■ EXERCISE GOAL
Your response to the data below should hold nothing except the lines from the one containing "春夏秋冬を象徴する花柄を一対ずつ詰め合わせ。" down to the one containing "LS STRIPED PUFFER", reproduced exactly and without pictures.

■ DATA PROVIDED
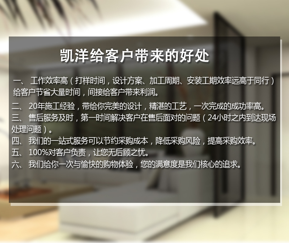 公司实力雄厚,多次获得大工程的最高奖 鲁班奖 白玉兰奖和东方杯奖,从业20年,具有丰富的和国内外各大建筑和装饰知名企业合作的经验,与绿地、金地、万科、绿城、新太阳等建筑集团良好合作,做了很多知名楼盘和建筑。量身定制最合理的金属装饰解决方案,资深项目经理,一对一贴心服务,因为专注·所以专业。
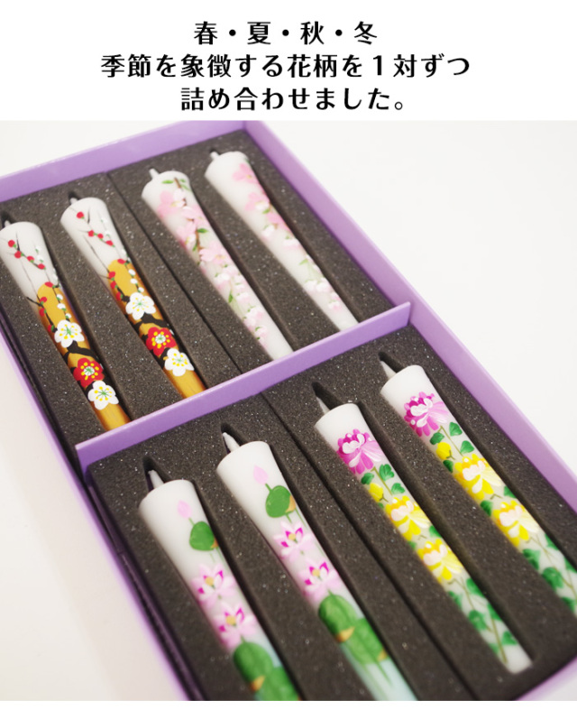 春夏秋冬を象徴する花柄を一対ずつ詰め合わせ。
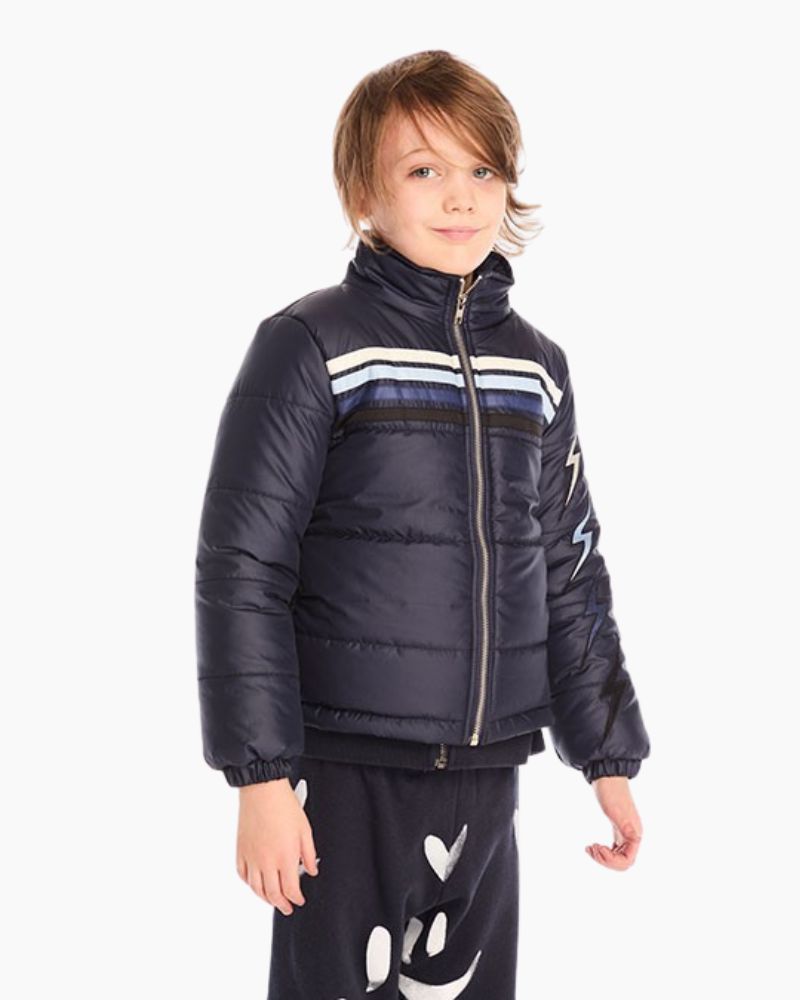 LS STRIPED PUFFER JACKET - NAVY / 4T is backordered and will ship as soon as it is back in stock.
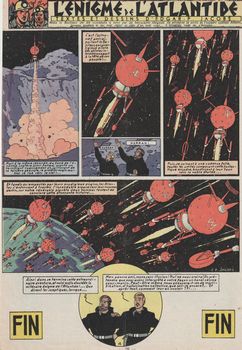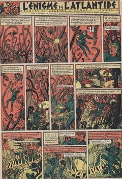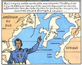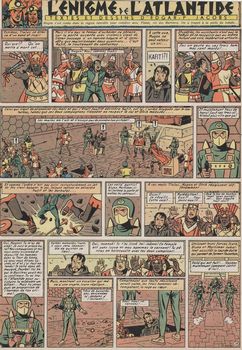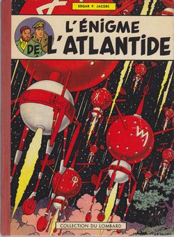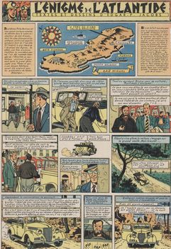 remarques: | - édition Lombard, imprimerie Bullens, EO 1957 édition belge, 64 pages, recartonnage, 4ème plat aux damiers couleur verte, dernier titre le puit 32, pages de garde Atlante avec point d'interrogation n.b. recartonnage = intérieurs d'album reliés dans d'anciens cartonnages, dits de récupération, restés en stock chez l'imprimeur - à noter les trois premières pages, un prélude qui se détache quelque peu du récit avec l'apparition terrestre d'un atlante habillé quelque peu différemment de ceux habitant le monde souterrain; d'ailleurs l'histoire avait été prévue en deux tomes par Jacobs, mais la rédaction du journal Tintin ne voulait pas d'un récit interminable par Jacobs et insista pour limiter la trame du récit à un seul tome - l'action débute dans l'archipel des Açores, sur l'île de Saô Miguel, ville de Furnas à O Foro do Diabo = le trou du diable où Mortimer aurait fait une découverte intéressante, Saô Miguel pourrait être une partie élevée de l'Atlantide, le continent disparu selon Platon >> p. 4 le coup de la panne au sucre >> p. 5 l'apparition mystérieuse (une soucoupe volante atlante) >> p. 6 le schéma pour la progression dans le trou du diable - apparition d'Olrik employé maintenant par une puissance étrangère avec son complice Ostrog, ceux-ci s'intéressent à une pierre mystérieuse ressemblant à l'orichalque que Mortimer aurait découvert - expédition au Foro da Diabo de Mortimer, Blake, le chef des guides Pépé et le faux guide Luis (en fait Olrik déguisé) - après une progression difficile, le trio arrive dans >> p. 9 la caverne au lac vert - suite à un orage, des vapeurs sulfureuses (caldeiras do inferno) envahissent les souterrains, Olrik se démasque et abandonne Blake et Mortimer à leur sort, mais en retournant sur ses pas, Olrik ne retrouve plus son chemin et tombe dans une faille béante, alors que Blake et Mortimer cherchent leur salut en entrant dans un tunnel inconnu au bout du lac vert - voyage au centre de la terre, mais finalement les deux hommes tombent sur des traces laissées par des humains et découvrent par la même occasion d'immenses gisements d'orichalque, mais attaqués par des ptérodactyles, ils sont sauvés par les atlantes de Poseidopolis où nos deux amis reprennent connaissance, rencontre avec: - le Basileus, empereur de l'Atlantide - le prince Icare, neveu du basileus et aerostratège de la flotte aérienne atlante (les fameuses soucoupes volantes et autres appareils) - le capitaine Magon, phulacontarque = chef de la garde qui est déjà hostile envers Blake et Mortimer - Icare prend les deux terriens sous sa protection et leur explique les origines de l'Atlantide avec l'orichalque comme source d'énergie - l'Atlantide est devenu un continent souterrain après avoir été détruit en surface par des catastrophes naturelles >> p. 21 la cité de Poseidopolis et la carte de l'Atlantide n.b. avec mention de l'Amérique du sud à la place de l'Amérique du nord - mais déjà des intrigues se nouent à la cour de l'empereur et Icare avec Blake et Mortimer sont visés par des attentats, notamment par des planos (hommes volants qui se déplacent grâce à un engin de vol sur leur dos et curieusement ceux-ci portent un masque) - Icare explique à ses amis l'existence d'un peuple barbare avec leur roi Tlalac, ennemis héréditaires des atlantes, mais qui ont été repoussés aux limites de l'empire atlante; - suite au comportement étrange de Magon et de son lieutenant Kafir, Icare décide d'effectuer une expédition en zone secrète, en zone barbare au-delà de la grande porte >> p. 26 le message de Tlalac adressé à Magon >> p. 28 le salut atlante, semblable au salut nazi? - lors de l'expédition secrète, le trio découvre un complot contre le gouvernement atlante par un groupe de rebelles sous le commandement dirigé par Magon, allié aux barbares - Icare et ses 2 amis réussissent à infiltrer les troupes de Magon mais découverts, ils doivent prendre la fuite pour avertir la cité atlante >> p. 36 le pont souterrain sur l'abîme (similaire à celui de l'espadon) >> p. 37 la pyramide pré-colombienne où se rencontrent les barbares de Tlalac avec les troupes de Magon et ce pays des barbares est encore plus aride que celui des atlantes même page: des flèches contre des armes atomiques - réapparition aussi d'Olrik, devenu le conseiller de Tlalac - fuite périlleuse de nos trois amis à travers des défilés, Blake se sépare d'Icare et de Mortimer, retardés dans leur progression, et traverse le pont avec le mot de passe "missi baka", il rejoint une mer intérieure et s'empare d'un hydroglisseur, mais perturbé par une tempête, il est rejeté sur le rivage et capturé, alors que Mortimer et Icare se fraillent un passage dans une dangereuse forêt paleozoïque >> p. 42 une sacré clé anglaise >> p. 44/45 les dangers de la forêt paleozoïque - finalement nos amis se retrouveront au défilé de la Flèche où se trouve une ancienne forteresse avec un gong sacré qui faisait office d'avertissement sonore se répercutant jusqu'à la capitale lors des anciennes invasions barbares - Mortimer réussit à faire sonner le gong et les trois amis s'enfuient à bord d'un sphéros (engin volant) >> p. 50 la danse folklorique des barbares avant les combats en l'honneur de leur dieu Hurakan - nos amis arrivent à Poseidopolis au moment où les premiers combats font rage entre forces loyales, rebelles et barbares pour éviter au Basileus d'être capturé par Magon, Tlalac et Olrik à la tête des barbares - arrivés au poste de commandement, Icare fait >> p. 59 fonctionner le feu du ciel, mais durant les combats, le poste de commandement qui contrôle les vannes du gigantesque barrage protégeant Poseidopolis est détruit - l'Atlantide est alors destinée à disparaître - le Basileus met alors en branle l'organisation d'émigration que les atlantes avaient déjà préparé pour un exode sur une autre planète

■ OUTPUT OF THE EXERCISE
 春夏秋冬を象徴する花柄を一対ずつ詰め合わせ。
 LS STRIPED PUFFER JACKET - NAVY / 4T is backordered and will ship as soon as it is back in stock.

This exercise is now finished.